I am pleased that in the development of the Urban Forest Strategy, in my portfolio, the ACT government has identified that the renewal of the urban forest provides an opportunity to develop an improved diversity of habitat and resources for bees. There are not just many flowering plants and shrubs but also a lot of flowering trees that they are attracted to. We will do that by considering the flowering times and nectar and pollen characteristics of individual tree species in our tree planting lists. This is an approach that the ACT government will undertake as we continue our tree planting initiatives and plant thousands more trees across the city, but it is also something that we encourage all Canberrans, and developers, to consider as they plant trees and other plants around their leases.

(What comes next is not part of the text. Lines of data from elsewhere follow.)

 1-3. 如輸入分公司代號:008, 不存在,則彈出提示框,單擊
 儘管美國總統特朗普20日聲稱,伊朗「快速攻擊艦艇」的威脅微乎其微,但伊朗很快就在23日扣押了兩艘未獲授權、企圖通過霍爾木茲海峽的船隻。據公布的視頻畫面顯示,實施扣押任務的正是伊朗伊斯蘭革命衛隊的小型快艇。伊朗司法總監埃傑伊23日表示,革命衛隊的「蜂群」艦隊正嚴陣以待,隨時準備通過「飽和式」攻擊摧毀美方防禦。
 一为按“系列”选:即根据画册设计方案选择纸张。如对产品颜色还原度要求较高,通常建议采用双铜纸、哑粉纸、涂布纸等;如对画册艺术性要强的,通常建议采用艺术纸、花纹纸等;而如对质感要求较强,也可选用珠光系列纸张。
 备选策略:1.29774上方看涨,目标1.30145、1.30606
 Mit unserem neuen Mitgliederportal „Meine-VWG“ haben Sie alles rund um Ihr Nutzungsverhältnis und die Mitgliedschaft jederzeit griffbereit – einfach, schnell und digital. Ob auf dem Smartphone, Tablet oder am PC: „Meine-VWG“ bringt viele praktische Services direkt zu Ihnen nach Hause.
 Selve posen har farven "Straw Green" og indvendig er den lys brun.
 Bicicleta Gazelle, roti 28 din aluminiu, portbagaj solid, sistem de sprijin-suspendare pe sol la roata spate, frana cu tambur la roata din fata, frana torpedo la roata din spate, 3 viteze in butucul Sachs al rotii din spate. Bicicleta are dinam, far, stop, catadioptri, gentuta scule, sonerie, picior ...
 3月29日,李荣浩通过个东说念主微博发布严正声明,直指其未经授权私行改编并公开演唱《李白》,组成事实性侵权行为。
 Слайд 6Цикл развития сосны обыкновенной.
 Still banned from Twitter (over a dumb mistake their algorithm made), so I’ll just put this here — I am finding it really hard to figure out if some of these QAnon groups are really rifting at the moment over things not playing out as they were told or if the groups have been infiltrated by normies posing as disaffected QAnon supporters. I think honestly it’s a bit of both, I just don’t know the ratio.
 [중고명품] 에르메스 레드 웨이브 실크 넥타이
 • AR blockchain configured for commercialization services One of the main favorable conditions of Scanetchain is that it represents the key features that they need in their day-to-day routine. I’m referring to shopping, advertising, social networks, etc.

We have introduced municipal infrastructure standards for plant species for urban landscape projects, where we have particularly identified species which support bees and other pollinators. This is a comprehensive document that identifies a large range of trees that should be planted in the urban environment of Canberra that will promote and encourage biodiversity.

We have collaborated with ACT for Bees in the development of these standards, and we have detailed the flowering times, any nectar, pollen or fruit produced and the forager which uses these bounties. In promoting these standards and encouraging plantings that support bees, Transport Canberra and City Services staff presented at a Planting for Pollinators symposium hosted by ACT for Bees in April 2021. TCCS staff identified how planning policy is playing its part in ensuring a steady and consistent supply of plant material for pollinating animals, including bees.